Here, I imagine the gears stripping madly in the heads of his Jewish hearers: What, you mean love Gentiles? Romans??? Are you kidding me?
No, he wasn’t kidding. And he proved it on the cross. The apostle Paul says as much in Romans 5: God concretely demonstrated his love when Jesus died for sinners, for the enemies of God.
And you can be sure that the apostle John believes this too.
GOD IS LIGHT, John declares. And anyone who claims to be in the light, who claims to know and have fellowship with God, must demonstrate it by their willing obedience to God’s commands. Specifically, they must do as Jesus said in the Upper Room. “My command is this,” he told his disciples, “Love each other as I have loved you” (John 15:12, NIV). Thus, in his letter, John says that those who love their brothers and sisters are in the light, while those who hate their brothers and sisters are still stumbling about in the darkness.

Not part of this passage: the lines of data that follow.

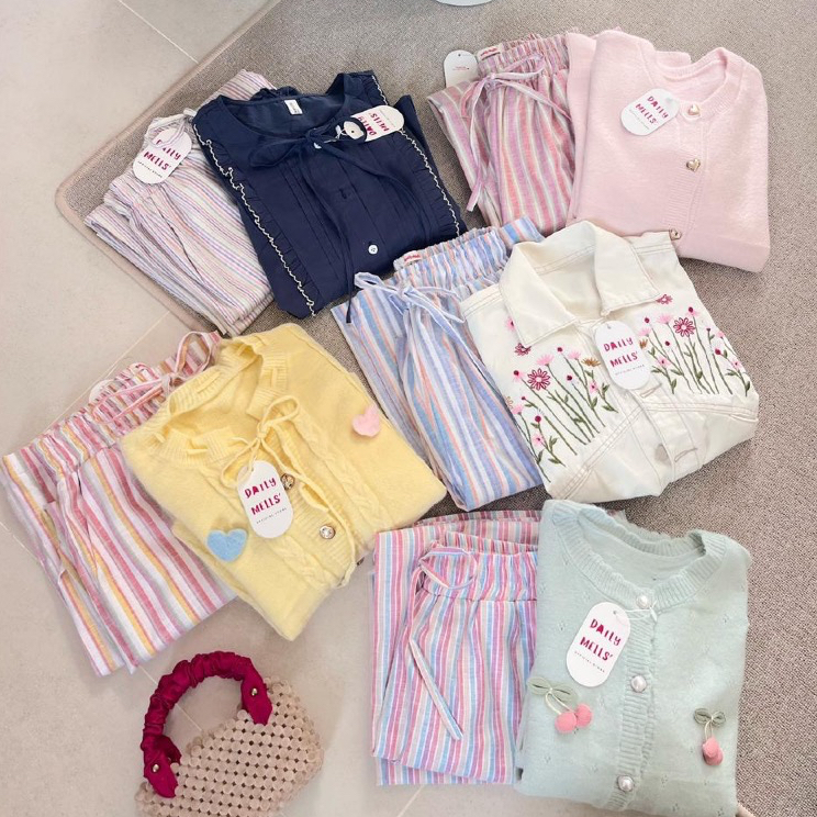 DAILYMELLS Celana Stripe Catton Celana Salur Linen Pants / celana wanita / celana kulot / celana salur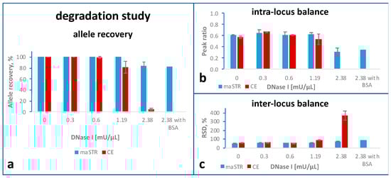 Accordingly, in terms of both intra- and inter-locus balance the maSTR assay performed superior compared to CE typing (Figure 2b,c). The generally low peak ratios obtained with both methods (Figure 2b) resulted from several loci that are disbalanced in HeLa DNA, probably due to the aneuploidy and other karyotypic characteristics of this cancer cell line []. The RSDs remained similar up to DNase concentrations of 1.19 mU µL−1 DNase. The apparent increase of the RSD in CE typing for DNA treated with 2.38 mU µL−1 DNase is a mathematical consequence of the many ADOs observed at this DNase concentration.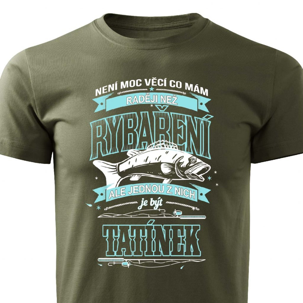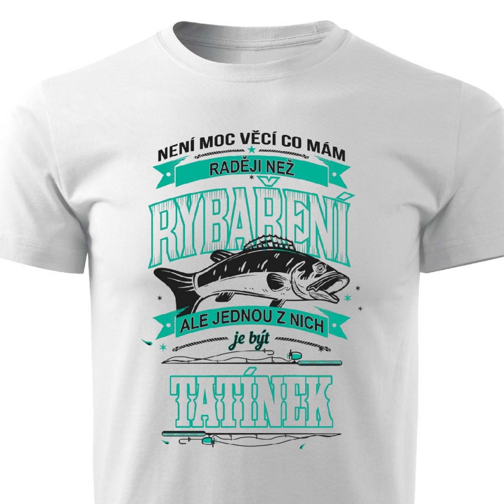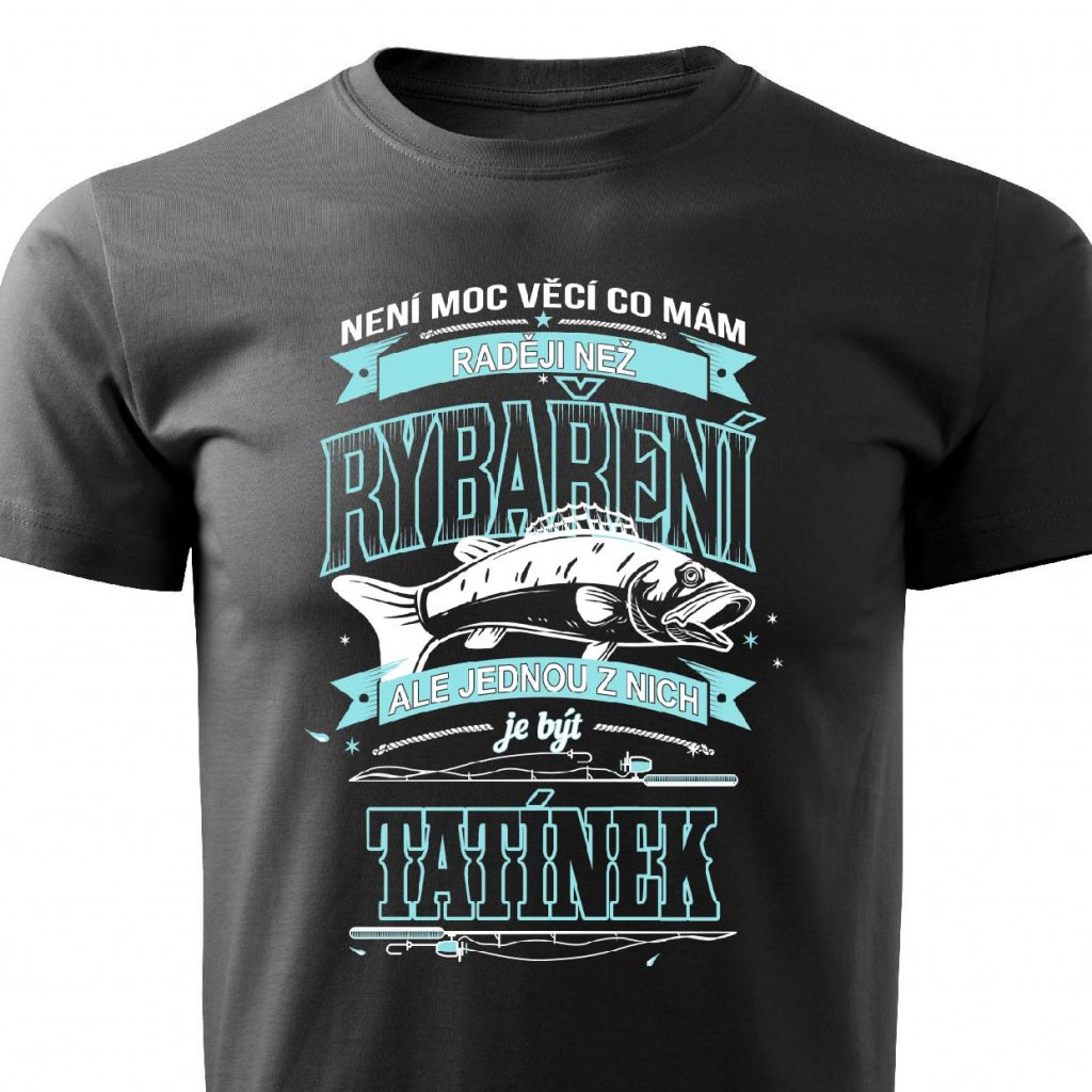 Tričko s potiskem Tatínek rybář. Dárek pro rybáře a tátu v jedné osobě.

When John mentions “stumbling,” however, his Greek is a little ambiguous. You can see this in the variety of ways his words are translated into English. “Anyone who loves his brother and sister lives in the light,” he says in 1 John 2:10. Clear enough. But the sentence continues: “and there is nothing in them to make them stumble.” That’s the New International Version. More literally, he’s saying, “in him — or it — there is no cause for stumbling or offense.”
So is it “him” or “it”? The NIV goes with the former. But the Common English Bible opts for the latter: “there is nothing in the light that causes a person to stumble.”
Moreover, there’s the question of who might be in danger of stumbling. Again, the NIV reads John as saying that the person who lives in the light doesn’t stumble. Makes sense — they have the light to see where they’re going. But it’s possible to read John as meaning that people who live in the light, who love their fellow believers, don’t cause others to stumble. That’s the gist of Eugene Peterson’s paraphrase in The Message: “It’s the person who loves brother and sister who dwells in God’s light and doesn’t block the light from others.”
Does it matter? Yes. It’s one thing to say that if we walk in the light, we won’t stumble. Again, as metaphors go, that makes perfect sense. But it’s another to be reminded that if we truly love others, we won’t do anything to make them stumble — and that echoes the teaching of both Jesus and the apostle Paul.
John’s primary concern is probably that there are people in his community who are teaching strange ideas and leading others astray. But we needn’t imagine them as waking up one morning and saying to themselves, “You know what? I think I’d like to deceive some people today. Yes, that would be nice.” John portrays them as self-deceived, thinking they’re in the light when they’re actually lost in darkness.
I say all this because we as Christians have the same predilection as anyone else to read things in self-serving and other-blaming ways. When John writes, “Anyone who claims to be in the light but hates a brother or sister is still in the darkness,” we think, “That’s right, John, you tell ’em! Stop those people from stirring things up with their strange ideas.” They are the ones who need to be corrected. They are the objects of self-righteous scorn.
And all the while, we ignore how John’s words apply to us. We believe ourselves to be in the light, but hate those people, who are our brothers and sisters even if they are in error and making waves.
Wait, no, we might object. We don’t hate them; that’s too strong a word. But just as darkness is the absence of light, so too might hate be the absence of love. Typically in Scripture, “love” and “hate” are not names for discrete emotions, but orientations and attitudes. To “hate” someone doesn’t have to mean ranting and raving and wishing them harm; it can simply mean that we fail to love them.
And if we aren’t loving and compassionate toward them, if we aren’t bringing the light of love to the relationship, are we part of the reason they’re stumbling in the dark? Moreover, if we’re not loving our enemies, are we being obedient to the command of Jesus in the Sermon on the Mount? And if not, do we even get to claim that we’re in the light?
Remember: when we fail to love, even when we think we have good reason, then we may be the ones stumbling in the dark. Time to take notice, and pray for light.